Dans la région de Kayes, les départs se sont majoritairement exercés vers l’Europe (la France) ; vers l’Afrique (la Côte d’Ivoire, le Gabon, le Congo-Brazzaville, l’Angola…) ; et vers les Etats-Unis également. Les populations nomades du Nord-Mali, notamment les Touaregs, semblent avoir autant été affectées que les agriculteurs sédentaires du sud du pays. Elles ont, pour leur part, été poussées à se réfugier au Moyen-Orient et au Maghreb, majoritairement en Lybie et en Algérie.

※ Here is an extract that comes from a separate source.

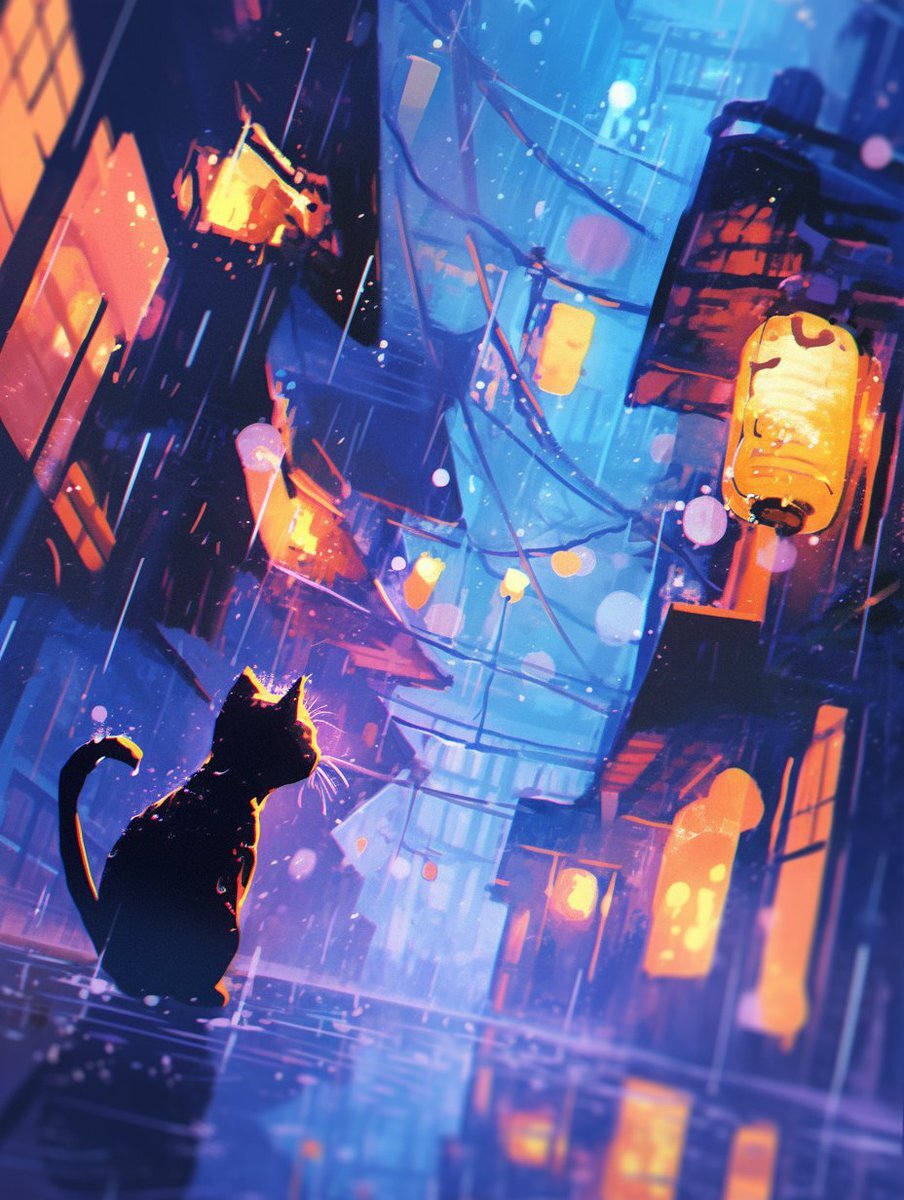《雨灯の下で、夜を聴く猫》 「雨が奏でる静けさの中、 きみだけが夜の声を聴いていた。」 #詠影 #AIアート #黒猫 #雨の街 #夜景アート #アニメイラスト #AIart #AnimeArt #StreetNight #RainyCity #BlackCat #LanternGlow #DigitalIllustration pic.x.com/300xEtCgZH

L’association de ces différents éléments a eu d’importantes répercussions sur l’économie nationale. Les entreprises publiques maliennes, dans les années 1980, à travers des pertes progressives de performance, sont apparues très défaillantes. Leur taux d’endettement s’est fortement accru, poussant ainsi l’État à les renflouer, par le bais d’exonérations fiscales, de subventions, et de dotations en capital. Cette stratégie a eu pour conséquence le creusement de l’endettement public. Les agences internationales de développement et de coopération, telles que la Banque mondiale et le FMI, se sont montrés disposées à aider le Mali, ainsi affecté, à redresser son économie. En retour, le pays devait s’engager à mettre en œuvre des programmes intensifs de libéralisation économique.